Looking to the future, Li Yang believes that facing the stablecoin wave, China needs comprehensive advancement on two fronts. The first is to resolutely promote RMB internationalization. Given that stablecoins essentially remain attached to the sovereign monetary system, continuously strengthening the RMB's international status remains the core task. Previous measures such as expanding local currency swap agreements, optimizing cross-border payment systems, improving global clearing networks, and increasing RMB usage in "Belt and Road" trade must be steadily and deeply implemented.
Ye Ningyao also pointed out that offshore RMB stablecoins are showing unique development potential: leveraging the regulatory framework established by Hong Kong's Stablecoin Ordinance, tech giants like Ant Group and Tencent are actively exploring RMB stablecoin applications in cross-border trade scenarios, providing an innovative path for RMB internationalization.
For the other front, Li Yang mentioned that the convergence trend between stablecoins, cryptocurrencies, and traditional financial systems must be acknowledged as difficult to reverse. In recent years, the EU, Japan, UAE, Singapore, and Hong Kong, China have shifted towards supporting a model of integrated development of central bank digital currencies, stablecoins, and cryptocurrencies. This fusion model helps achieve complementary development, comprehensively improving payment efficiency and reducing payment costs, reconstructing the global payment system, and driving DeFi development. However, it's important to note that while promoting stablecoin development, issues of sovereign currency substitution, money laundering, user rights protection, and potential monetary policy loss of control must be addressed.
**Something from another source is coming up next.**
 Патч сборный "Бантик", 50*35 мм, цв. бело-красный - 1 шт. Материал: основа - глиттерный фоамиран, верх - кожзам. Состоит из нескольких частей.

The rise of stablecoins is a continuous interplay of technological innovation and institutional constraints. It is neither a "monetary revolution" that subverts sovereign currency nor a tool to reconstruct monetary hegemony, but a technological revolution in payment systems - using blockchain to rewrite value transfer rules, yet always constrained by national monetary sovereignty.
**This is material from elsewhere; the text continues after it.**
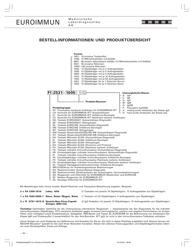 EUROIMMUN Medizinische Labordiagnostika AG BESTELL-INFORMATIONEN UND PRODUKTÜBERSICHT — — — — — — — — — — — — Format 1601: 16 einzelne Teststreifen 1208: 12 Mikrotiterstreifen à 8 Gefäße 9601: 96 einzeln abbrechbare Gefäße (12 Mikrotiterstreifen à 8 Gefäße) 5001: 50 einzelne Röhrchen 10001: 100 einzelne Röhrchen 1003: 10 Objektträger mit je 3 Auftragestellen 1005: 10 Objektträger mit je 5 Auftragestellen 2005: 20 Objektträger mit je 5 Auftragestellen 1010: 10 Objektträger mit je 10 Auftragestellen 1050: 10 Objektträger mit je 50 Auftragestellen 1001: 10 Objektträger für je 1 Patienten-Serum 1002: 10 Objektträger für je 2 Patienten-Seren FI 2531 - 1005 -1 G Produkt-Nummer — — — — — — — — — — — — — — — — — — — — — — — — — — — — — — — — — — — — — Immunglobulin-Klasse A: IgA E: IgE G: IgG M: IgM O: IgGM P: Polyvalent (IgAGM) X: niedrig-avide Antikörper der Klasse IgG H: hoch-avide Antikörper der Klasse IgG Produktgruppe AF: Fluoreszenz-markierte Antikörper für EUROIMMUN IIFT CA: Kontrolle für EUROIMMUN IIFT (Autoantikörper) CI: Kontrolle für EUROIMMUN IIFT (Infektions-Serologie) CV: Kontrolle für EUROIMMUN IIFT (Nachweis weiterer Antikörper) DA: Testsatz EUROASSAY (Autoantikörper-Diagnostik) DE: Testsatz EUROASSAY (Allergologie) DL: Testsatz EUROLINE (Autoantikörper-Diagnostik) DN: Testsatz EUROLINE (Infektions-Serologie) DP: Testsatz EUROLINE (Allergologie) DW: Testsatz Westernblot/EUROLINE-WB (Autoantikörper-Diagnostik) DY: Testsatz Westernblot/EUROLINE-WB (Infektions-Serologie) EA: Testsatz Mikrotiter-ELISA (Autoantikörper-Diagnostik) EI: Testsatz Mikrotiter-ELISA (Infektions-Serologie) EP: Testsatz Mikrotiter-ELISA (Allergologie) EQ: Testsatz Mikrotiter-ELISA (Hormone und Proteine) EV: Testsatz Mikrotiter-ELISA (Nachweis weiterer Antikörper) FA: Testsatz indirekte Immunfluoreszenz (Autoantikörper-Diagnostik) FB: Einzelobjektträger indirekte Immunfluoreszenz (Autoantikörper-Diagnostik) FI: Testsatz indirekte Immunfluoreszenz (Infektions-Serologie) FK: Einzelobjektträger indirekte Immunfluoreszenz (Infektions-Serologie) FV: Testsatz indirekte Immunfluoreszenz (Nachweis weiterer Antikörper) FX: Einzelobjektträger indirekte Immunfluoreszenz (Nachweis weiterer Antikörper) GI: Testsatz Hämagglutionationshemmtest (Infektions-Serologie) MN: EUROArray für molekulargenetische Bestimmungen RA: Radioimmuntest (Autoantikörper-Diagnostik) RD: Radioimmuntest (Direktnachweis der Autoantigene, Hormonbestimmungen) ZD: Reagenzien und Hilfsmittel für EUROIMMUN Westernblot und EUROLINE ZF: Weitere Reagenzien für EUROIMMUN IIFT ZZ: Sonstige Hilfsmittel für EUROIMMUN IIFT Bei Bestellungen bitte immer Anzahl, Bestell-Nummer und Testsystem-Bezeichnung angeben. Beispiele: 2 x FA 1300-1010 Leber, Affe (2 Testsätze mit jeweils 10 Objektträgern, 10 Auftragestellen pro Objektträger) 1 x FA 1620-2005-1 Niere, Ratte / Magen, Ratte (1 Testsatz mit 20 Objektträgern, 5 Auftragestellen pro Objektträger) 2 x FI 2791-1010 G Epstein-Barr-Virus-CapsidAntigen (EBV-CA) (2 IgG-Testsätze mit jeweils 10 Objektträgern, 10 Auftragestellen pro Objektträger) Testsätze beeinhalten sämtliche für die Untersuchung erforderliche Reagenzien — beispielsweise bei den Diagnostika für die indirekte Immunfluoreszenz Objektträger, FITC-markierte Antikörper gegen humanes Immunglobulin, positive und negative Kontrollseren (in einigen Fällen nicht verfügbar) sowie Eindeckmedium, Deckgläser, PBS-Beutel und Tween 20. EUROSORB für die Bestimmung von Antikörpern der Klasse IgM und Probenpuffer 3 (ausschließlich für den Anti-Borrelien- IIFT IgG) ist nicht in den Immunfluoreszenz-Testsätzen enthalten. Gerne fertigen wir auch Substrate aus Zellkulturen und Geweben für Sie an, die nicht in dieser Preisliste aufgeführt sind. Ebenso können wir BIOCHIP-Mosaiken® speziell für Sie nach Ihren Wünschen herstellen. Neben den üblichen Packungsgrößen und Objektträgerformaten liefern wir auch Sondergrößen. Preise auf Anfrage. — 68 — Produktkatalog2012 nur Anhang mit EinzelOT.p65 68 19.10.2011, 08:38 EUROIMMUN Medizinische Labordiagnostika AG Bestell-Nr. Antiserum Format Preis (€) AF 101-0115 AF 101-0160 FITC-markiertes Anti-Human-IgA (Ziege) 1,5 ml (gebrauchsfertig) 6,0 ml (gebrauchsfertig) 16,27 52,50 AF 102-0115 AF 102-0160 FITC-markiertes Anti-Human-IgG (Ziege) 1,5 ml (gebrauchsfertig) 6,0 ml (gebrauchsfertig) 16,27 52,50 AF 103-0115 AF 103-0160 FITC-markiertes Anti-Human-IgM (Ziege) 1,5 ml (gebrauchsfertig) 6,0 ml (gebrauchsfertig) 16,27 52,50 AF 106-0115 AF 106-0160 FITC-markiertes Anti-Human-IgAGM (IgA + IgG + IgM; Ziege) 1,5 ml (gebrauchsfertig) 6,0 ml (gebrauchsfertig) 16,27 52,50 AF 107-0115 AF 107-0160 FITC-markiertes Anti-Human-IgAG (IgA + IgG; Ziege) 1,5 ml (gebrauchsfertig) 6,0 ml (gebrauchsfertig) 16,27 52,50 AF 302-0115 AF 302-0160 FITC-markiertes Anti-Human-IgG (Ziege) Primaten-absorbiert 1,5 ml (gebrauchsfertig) 6,0 ml (gebrauchsfertig) 32,55 73,50 AF 601-0115 AF 601-0160 FITC-markiertes Anti-Human-IgA (Ziege) mit Evans-Blau 1,5 ml (gebrauchsfertig) 6,0 ml (gebrauchsfertig) 16,27 52,50 AF 602-0115 AF 602-0160 FITC-markiertes Anti-Human-IgG (Ziege) mit Evans-Blau 1,5 ml (gebrauchsfertig) 6,0 ml (gebrauchsfertig) 16,27 52,50 AF 603-0115 AF 603-0160 FITC-markiertes Anti-Human-IgM (Ziege) mit Evans-Blau 1,5 ml (gebrauchsfertig) 6,0 ml (gebrauchsfertig) 16,27 52,50 AF 606-0115 AF 606-0160 FITC-markiertes Anti-Human-IgAGM (IgA + IgG + IgM; Ziege) mit Evans-Blau 1,5 ml (gebrauchsfertig) 6,0 ml (gebrauchsfertig) 16,27 52,50 AF 607-0115 AF 607-0160 FITC-markiertes Anti-Human-IgAG (IgA + IgG; Ziege) mit Evans-Blau 1,5 ml (gebrauchsfertig) 6,0 ml (gebrauchsfertig) 16,27 52,50 AF 612-0115 AF 612-0160 FITC-markiertes Anti-Human-C3c (Ziege) mit Evans-Blau 1,5 ml (gebrauchsfertig) 6,0 ml (gebrauchsfertig) 16,27 52,50 AF 702-0115 AF 702-0160 FITC-markiertes Anti-Human-IgG (Ziege) mit

In this technological innovation, the US attempts to legislatively incorporate stablecoins into the "USD system", China explores offshore RMB stablecoins, and emerging markets must be wary of "digital dollarization" risks. Looking ahead, the global financial monetary system may not be a USD-dominated or fully multipolar landscape, but a complex ecosystem of sovereign currencies, central bank digital currencies, and compliant stablecoins coexisting.